Segment Start: Extracted entries
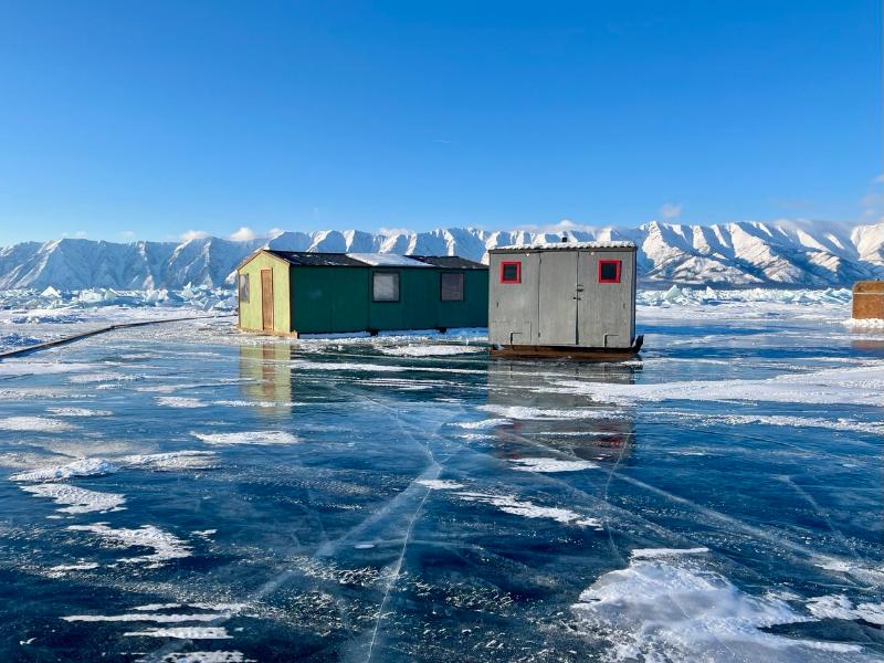 Вдоволь насладившись коньками, мы побежали отогреваться в машину. А она понесла нас к берегу, где группу ждала изюминка всего тура. Прямо на льду стояли несколько строений, как позже выяснилось, это была баня и столовая, а рядом огромный чан. «Ледовый лагерь» организовала местная семья. Чтобы показать гостям их края, гостеприимство Байкала и подарить незабываемые эмоции.
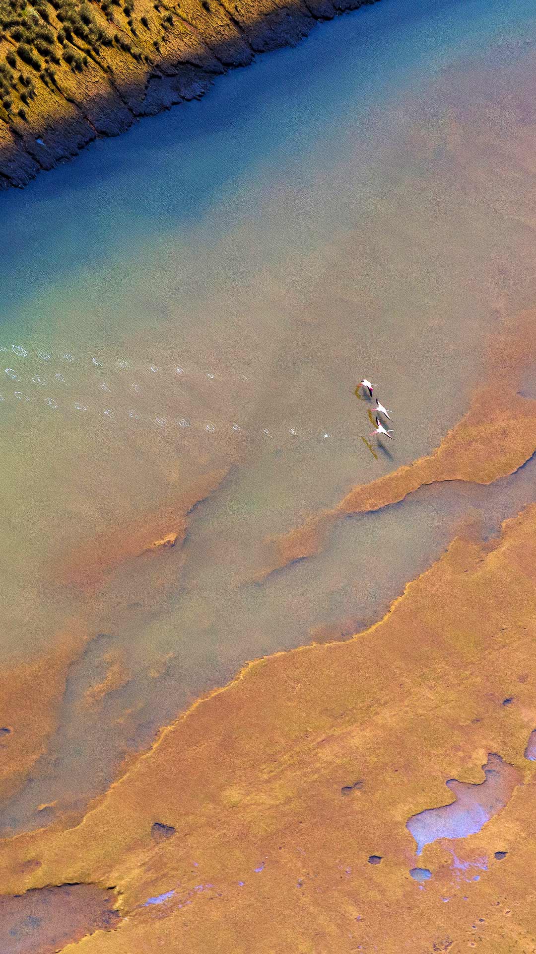 Greater flamingo trio taking flight from Odiel wetland in Huelva, Andalusia, Spain (© Óscar Díez/Minden Pictures) - Bing Wallpaper on October 7, 2019
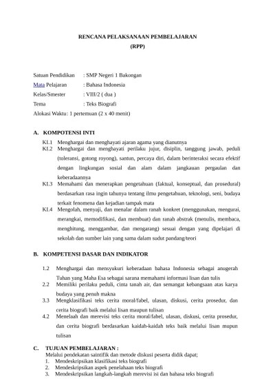 (rpp modifikasi) nama sekolah : Pembelajaran bahasa indonesia dalam kelas inklusif di smp ekakapti. Berikut ini kami bagikan contoh rpp satu lembar bahasa indonesia smp mts kurikulum 2013 k13 tahun pelajaran 2021/2022. Rencana pelaksanaan pembelajaran ( rpp ). Di indonesia melalui keputusan menteri pendidikan dan kebudayaan no.
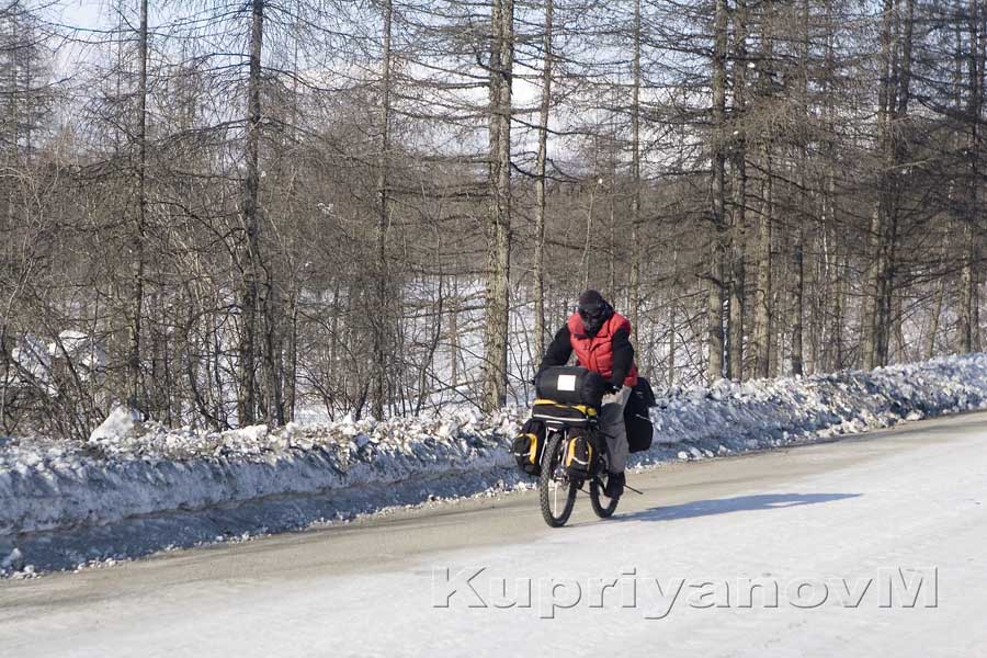 Сегодня. Утром и ближе к вечеру. Второй раз у дебинского моста остановились, поинтересовались. Велопробег Якутск-Магадан-Якутск. Одиночка. 18 дней в пути. 11 ночёвок в палатке. В Якутии застал -40С. Туда - по основной, обратно по "Теньке". Надеется успеть до вскрытия рек. Пожелали удачи. Думаю, дней через пять-шесть будет в городе. |
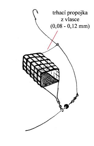 - Nástraha: tužší odolnější nástrahy (bílí červí, kukuřice,…) navlečené v obloučku ostrého háčku
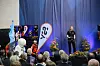 ÅLESUND: Leder for Ålesund studentsamfunn, Ingrid Skodjevåg, holdt sin tale iført klatresele. Egentlig skulle hun rappellere ned på scenen, men fikk beskjed tidligere på dagen om at det ikke kunne la seg gjøre av sikkerhetsmessige årsaker. Hun oppfordret alle til å skaffe seg det rosa medlemskortet med en gang.Foto: Kaia Sørland
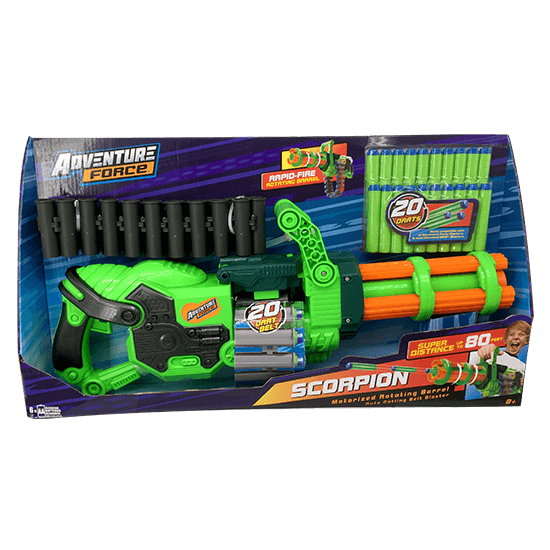Give your adventurous child a toy they’re sure to love with this Scorpion Gatling Blaster from Adventure Force! Designed with a fully automatic motorized rotating barrel with rapid-fire action, this unique foam dart blaster holds 1 round of ammo of 20 darts. With an impressive 80-foot launch distance, the Powerbolt Belt Blaster combines speed, distance and the strength of motorization to keep your game sharp and you playing for longer. Ideal for a dart blaster game amongst friends, or to practice your shot on your own, this versatile foam dart blaster includes an impressive 20 foam darts that are compatible with all Adventure Force Blasters and most standard other major brand blasters. |
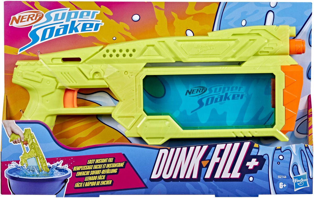De Nerf Super Soaker Dunk-Fill+-waterblaster maakt een watergevecht supereenvoudig! Dompel het reservoir in water en het loopt direct vol! Niet wachten, geen knoppen, geen doppen - gewoon dompelen en klaar. In de blaster kan 358 ml water. Haal de trekker over en laat het watergevecht beginnen! Het reservoir is doorzichtig, zodat je precies weet wanneer je opnieuw moet dompelen. Nerf Super Soaker-blasters zijn perfect om mee buiten te spelen en het zijn coole cadeaus waarmee je iedereen nat spuit!
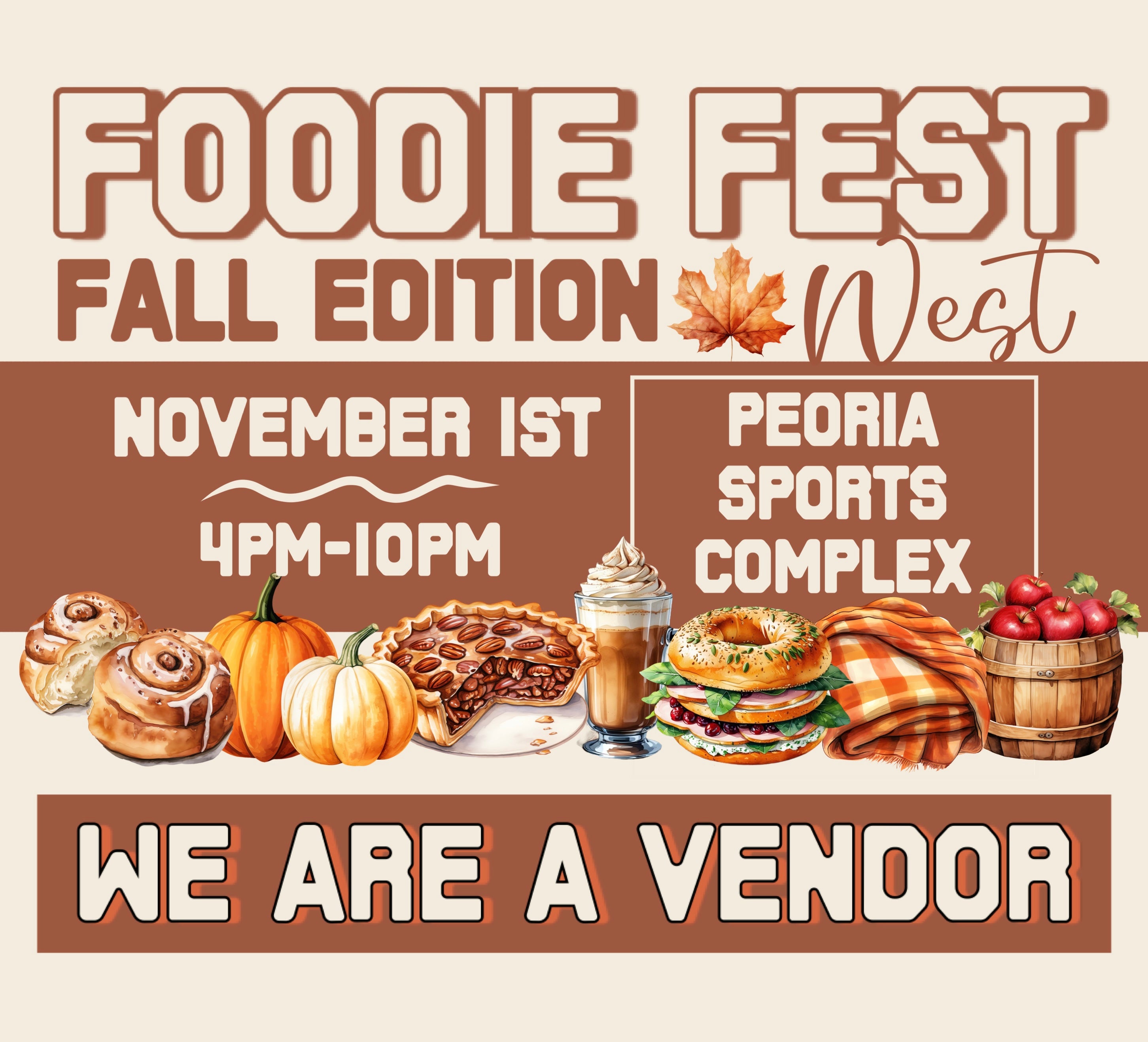 Foodie Fest West | FALL EDITION 🥧🍂Foodie Fest West is heading to the Peoria Sports Complex with a Fall twist! 🚚 Food Trucks & Vendors 🥧 Pie Eating Contest🛍️ Shopping Vendors 🪓 Axe Throwing🐴 Petting Zoo 🎃 Pumpkin Painting 🍎 Caramel Apple Bar 👒 Hat Bar🍷 Full Bar💐 Flower Bar 🎡 Kids Zone ✍️ Caricature Artist & many more family fun activities!! 𝐖𝐡𝐞𝐧 - Saturday November 1st 𝐖𝐡𝐞𝐫𝐞 - Peoria Sports Complex 16101 N. 83rd Ave. Peoria 85382 𝐓𝐢𝐦𝐞 - 4pm-10pm or until sold out! Be sure to stop by and break bread with us! We'll also have our new Prickly Berry Banana Bread as well!!
Segment End: Extracted entries
The task: Give again the lines of the listing above that run from the one with "Сегодня. Утром и" up to and including the one with "- Nástraha: tužší". Keep them exact and omit the pictures.

Written response:
 Сегодня. Утром и ближе к вечеру. Второй раз у дебинского моста остановились, поинтересовались. Велопробег Якутск-Магадан-Якутск. Одиночка. 18 дней в пути. 11 ночёвок в палатке. В Якутии застал -40С. Туда - по основной, обратно по "Теньке". Надеется успеть до вскрытия рек. Пожелали удачи. Думаю, дней через пять-шесть будет в городе. |
 - Nástraha: tužší odolnější nástrahy (bílí červí, kukuřice,…) navlečené v obloučku ostrého háčku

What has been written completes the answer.